### [INSTRUCTIONS TO FOLLOW]
Would you retype the whole listing exactly?

┌──

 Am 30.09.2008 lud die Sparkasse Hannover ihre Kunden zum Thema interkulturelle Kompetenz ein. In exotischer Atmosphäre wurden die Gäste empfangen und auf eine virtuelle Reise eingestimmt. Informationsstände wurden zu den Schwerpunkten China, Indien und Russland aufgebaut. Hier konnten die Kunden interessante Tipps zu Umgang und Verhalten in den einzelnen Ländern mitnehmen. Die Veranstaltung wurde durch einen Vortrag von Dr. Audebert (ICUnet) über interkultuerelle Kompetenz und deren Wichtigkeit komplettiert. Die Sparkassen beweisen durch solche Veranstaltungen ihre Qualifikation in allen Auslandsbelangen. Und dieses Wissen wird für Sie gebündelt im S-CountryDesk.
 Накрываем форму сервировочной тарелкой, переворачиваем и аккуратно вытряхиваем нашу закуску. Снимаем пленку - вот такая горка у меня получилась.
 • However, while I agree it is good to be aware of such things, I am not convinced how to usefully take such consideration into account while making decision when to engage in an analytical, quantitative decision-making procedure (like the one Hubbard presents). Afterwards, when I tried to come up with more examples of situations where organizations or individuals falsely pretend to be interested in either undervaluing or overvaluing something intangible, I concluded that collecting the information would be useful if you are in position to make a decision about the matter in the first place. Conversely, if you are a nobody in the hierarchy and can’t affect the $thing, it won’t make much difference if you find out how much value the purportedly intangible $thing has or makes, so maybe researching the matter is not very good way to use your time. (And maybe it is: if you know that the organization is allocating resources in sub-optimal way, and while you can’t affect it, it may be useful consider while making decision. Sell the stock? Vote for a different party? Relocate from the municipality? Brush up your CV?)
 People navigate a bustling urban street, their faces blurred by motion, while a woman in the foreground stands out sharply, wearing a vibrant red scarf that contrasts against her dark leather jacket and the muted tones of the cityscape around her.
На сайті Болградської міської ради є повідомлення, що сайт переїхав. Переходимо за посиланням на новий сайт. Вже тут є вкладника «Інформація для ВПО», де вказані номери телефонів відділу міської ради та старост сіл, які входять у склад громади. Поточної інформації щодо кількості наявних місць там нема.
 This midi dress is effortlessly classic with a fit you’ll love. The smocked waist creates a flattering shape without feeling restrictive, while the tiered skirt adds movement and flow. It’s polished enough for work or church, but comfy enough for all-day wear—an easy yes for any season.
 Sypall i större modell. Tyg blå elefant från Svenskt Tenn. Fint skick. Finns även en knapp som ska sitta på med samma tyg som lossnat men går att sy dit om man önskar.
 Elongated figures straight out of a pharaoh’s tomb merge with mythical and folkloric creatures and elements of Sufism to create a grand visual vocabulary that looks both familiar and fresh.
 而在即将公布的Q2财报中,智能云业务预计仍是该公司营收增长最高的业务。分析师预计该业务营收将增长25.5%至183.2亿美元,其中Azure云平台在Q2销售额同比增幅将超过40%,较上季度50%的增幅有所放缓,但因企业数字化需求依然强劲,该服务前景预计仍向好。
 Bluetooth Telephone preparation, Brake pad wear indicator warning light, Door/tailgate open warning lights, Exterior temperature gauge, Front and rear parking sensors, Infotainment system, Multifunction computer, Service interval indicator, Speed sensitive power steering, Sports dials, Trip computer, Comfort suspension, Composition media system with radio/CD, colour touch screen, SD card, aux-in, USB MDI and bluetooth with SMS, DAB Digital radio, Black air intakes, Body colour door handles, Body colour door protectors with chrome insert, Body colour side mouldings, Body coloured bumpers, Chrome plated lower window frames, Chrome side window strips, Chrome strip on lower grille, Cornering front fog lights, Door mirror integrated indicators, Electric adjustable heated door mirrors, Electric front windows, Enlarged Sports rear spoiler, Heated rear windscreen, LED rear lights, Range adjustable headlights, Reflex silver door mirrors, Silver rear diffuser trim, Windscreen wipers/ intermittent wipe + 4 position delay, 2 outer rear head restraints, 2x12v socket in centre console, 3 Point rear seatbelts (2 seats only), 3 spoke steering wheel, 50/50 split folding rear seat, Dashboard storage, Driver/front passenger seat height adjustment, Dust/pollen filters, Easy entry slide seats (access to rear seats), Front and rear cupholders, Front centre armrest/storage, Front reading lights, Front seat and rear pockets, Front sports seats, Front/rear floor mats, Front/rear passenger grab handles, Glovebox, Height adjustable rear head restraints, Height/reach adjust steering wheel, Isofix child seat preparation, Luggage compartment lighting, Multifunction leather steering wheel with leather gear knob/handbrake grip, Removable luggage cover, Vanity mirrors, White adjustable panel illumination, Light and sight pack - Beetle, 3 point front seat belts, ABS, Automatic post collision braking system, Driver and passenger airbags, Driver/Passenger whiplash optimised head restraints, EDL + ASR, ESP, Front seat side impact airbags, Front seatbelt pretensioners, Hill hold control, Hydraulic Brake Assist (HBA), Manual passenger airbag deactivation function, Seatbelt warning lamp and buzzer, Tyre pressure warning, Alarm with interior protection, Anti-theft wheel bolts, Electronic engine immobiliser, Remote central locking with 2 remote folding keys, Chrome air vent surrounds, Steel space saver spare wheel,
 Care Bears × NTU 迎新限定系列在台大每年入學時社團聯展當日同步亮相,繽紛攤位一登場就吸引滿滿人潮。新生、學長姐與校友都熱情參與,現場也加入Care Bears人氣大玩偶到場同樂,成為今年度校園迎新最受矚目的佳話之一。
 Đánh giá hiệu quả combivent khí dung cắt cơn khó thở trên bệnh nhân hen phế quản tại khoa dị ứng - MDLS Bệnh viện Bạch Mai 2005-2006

└──

### [OUTPUT FOR THIS TASK]
 Am 30.09.2008 lud die Sparkasse Hannover ihre Kunden zum Thema interkulturelle Kompetenz ein. In exotischer Atmosphäre wurden die Gäste empfangen und auf eine virtuelle Reise eingestimmt. Informationsstände wurden zu den Schwerpunkten China, Indien und Russland aufgebaut. Hier konnten die Kunden interessante Tipps zu Umgang und Verhalten in den einzelnen Ländern mitnehmen. Die Veranstaltung wurde durch einen Vortrag von Dr. Audebert (ICUnet) über interkultuerelle Kompetenz und deren Wichtigkeit komplettiert. Die Sparkassen beweisen durch solche Veranstaltungen ihre Qualifikation in allen Auslandsbelangen. Und dieses Wissen wird für Sie gebündelt im S-CountryDesk.
 Накрываем форму сервировочной тарелкой, переворачиваем и аккуратно вытряхиваем нашу закуску. Снимаем пленку - вот такая горка у меня получилась.
 • However, while I agree it is good to be aware of such things, I am not convinced how to usefully take such consideration into account while making decision when to engage in an analytical, quantitative decision-making procedure (like the one Hubbard presents). Afterwards, when I tried to come up with more examples of situations where organizations or individuals falsely pretend to be interested in either undervaluing or overvaluing something intangible, I concluded that collecting the information would be useful if you are in position to make a decision about the matter in the first place. Conversely, if you are a nobody in the hierarchy and can’t affect the $thing, it won’t make much difference if you find out how much value the purportedly intangible $thing has or makes, so maybe researching the matter is not very good way to use your time. (And maybe it is: if you know that the organization is allocating resources in sub-optimal way, and while you can’t affect it, it may be useful consider while making decision. Sell the stock? Vote for a different party? Relocate from the municipality? Brush up your CV?)
 People navigate a bustling urban street, their faces blurred by motion, while a woman in the foreground stands out sharply, wearing a vibrant red scarf that contrasts against her dark leather jacket and the muted tones of the cityscape around her.
На сайті Болградської міської ради є повідомлення, що сайт переїхав. Переходимо за посиланням на новий сайт. Вже тут є вкладника «Інформація для ВПО», де вказані номери телефонів відділу міської ради та старост сіл, які входять у склад громади. Поточної інформації щодо кількості наявних місць там нема.
 This midi dress is effortlessly classic with a fit you’ll love. The smocked waist creates a flattering shape without feeling restrictive, while the tiered skirt adds movement and flow. It’s polished enough for work or church, but comfy enough for all-day wear—an easy yes for any season.
 Sypall i större modell. Tyg blå elefant från Svenskt Tenn. Fint skick. Finns även en knapp som ska sitta på med samma tyg som lossnat men går att sy dit om man önskar.
 Elongated figures straight out of a pharaoh’s tomb merge with mythical and folkloric creatures and elements of Sufism to create a grand visual vocabulary that looks both familiar and fresh.
 而在即将公布的Q2财报中,智能云业务预计仍是该公司营收增长最高的业务。分析师预计该业务营收将增长25.5%至183.2亿美元,其中Azure云平台在Q2销售额同比增幅将超过40%,较上季度50%的增幅有所放缓,但因企业数字化需求依然强劲,该服务前景预计仍向好。
 Bluetooth Telephone preparation, Brake pad wear indicator warning light, Door/tailgate open warning lights, Exterior temperature gauge, Front and rear parking sensors, Infotainment system, Multifunction computer, Service interval indicator, Speed sensitive power steering, Sports dials, Trip computer, Comfort suspension, Composition media system with radio/CD, colour touch screen, SD card, aux-in, USB MDI and bluetooth with SMS, DAB Digital radio, Black air intakes, Body colour door handles, Body colour door protectors with chrome insert, Body colour side mouldings, Body coloured bumpers, Chrome plated lower window frames, Chrome side window strips, Chrome strip on lower grille, Cornering front fog lights, Door mirror integrated indicators, Electric adjustable heated door mirrors, Electric front windows, Enlarged Sports rear spoiler, Heated rear windscreen, LED rear lights, Range adjustable headlights, Reflex silver door mirrors, Silver rear diffuser trim, Windscreen wipers/ intermittent wipe + 4 position delay, 2 outer rear head restraints, 2x12v socket in centre console, 3 Point rear seatbelts (2 seats only), 3 spoke steering wheel, 50/50 split folding rear seat, Dashboard storage, Driver/front passenger seat height adjustment, Dust/pollen filters, Easy entry slide seats (access to rear seats), Front and rear cupholders, Front centre armrest/storage, Front reading lights, Front seat and rear pockets, Front sports seats, Front/rear floor mats, Front/rear passenger grab handles, Glovebox, Height adjustable rear head restraints, Height/reach adjust steering wheel, Isofix child seat preparation, Luggage compartment lighting, Multifunction leather steering wheel with leather gear knob/handbrake grip, Removable luggage cover, Vanity mirrors, White adjustable panel illumination, Light and sight pack - Beetle, 3 point front seat belts, ABS, Automatic post collision braking system, Driver and passenger airbags, Driver/Passenger whiplash optimised head restraints, EDL + ASR, ESP, Front seat side impact airbags, Front seatbelt pretensioners, Hill hold control, Hydraulic Brake Assist (HBA), Manual passenger airbag deactivation function, Seatbelt warning lamp and buzzer, Tyre pressure warning, Alarm with interior protection, Anti-theft wheel bolts, Electronic engine immobiliser, Remote central locking with 2 remote folding keys, Chrome air vent surrounds, Steel space saver spare wheel,
 Care Bears × NTU 迎新限定系列在台大每年入學時社團聯展當日同步亮相,繽紛攤位一登場就吸引滿滿人潮。新生、學長姐與校友都熱情參與,現場也加入Care Bears人氣大玩偶到場同樂,成為今年度校園迎新最受矚目的佳話之一。
 Đánh giá hiệu quả combivent khí dung cắt cơn khó thở trên bệnh nhân hen phế quản tại khoa dị ứng - MDLS Bệnh viện Bạch Mai 2005-2006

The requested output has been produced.